Evaluation of the critical thermal maximum for determining thermal tolerance of freshwater fish

  • C. Dale Becker
  • Robert G. Genoway


Upper loss of equilibrium and death temperatures were determined by the critical thermal maximum (CTM) method for juvenile coho salmon (Oncorhynchus kisutch) acclimated to 5 and 15° C, and for pumpkinseed sunfish (Lepomis gibbosus) acclimated to 10 and 20° C. Temperature increase rates were 1, 6, 18, 30 and 60° C h−1. Analysis of variance showed significant (P < 0.5) differences due to acclimation level, temperature increase rate, and an interaction between these variables. CTM values for coho, a stenothermal fish, were lower than those for pumpkinseed, an eurythermal fish. Generally, higher acclimations and more rapid rates of temperature increase produced higher CTM values. Upward acclimation during testing was detected only for 10° C acclimated pumpkinseed at a 1° C h−1 increase rate

Assessments were made of CTM procedural relationships from test data and the literature.

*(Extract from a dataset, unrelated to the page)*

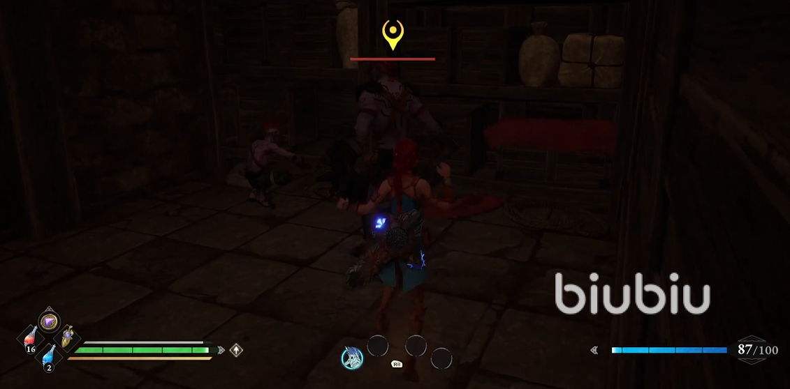 接下來,戰(zhàn)斧幫寨當(dāng)中還會出現(xiàn)敵人的盜賊士兵,攻擊速度和移動能力都較高,可以對玩家造成有效的傷害,不過各位可以依靠主角的近距離優(yōu)勢去壓制住對手,釋放多輪技能就可以輕松的將其打敗。

A 1° C min−1 (60° C h−1) temperature increase rate is so rapid that internal body temperatures of fish will usually lag behind media temperatures. A standard increase rate of 18° C h−1 (0.3° C min−1 is recommended for routine CTM determinations with fish. Other recommendations are: 1) Test fish should be small, and relatively uniform in size and condition; 2) final loss of ability to return upright should be the loss of equilibrium criterion; 3) death also should be included as a criterion in CTM determinations, with the term ‘lethal thermal maximum’ applied for death temperature; and 4) linearity should be maintained in time-temperature distributions of the heating rate. All procedures are also applicable to determinations of the critical thermal minimum. An amended description of the CTM is given that expands its scope.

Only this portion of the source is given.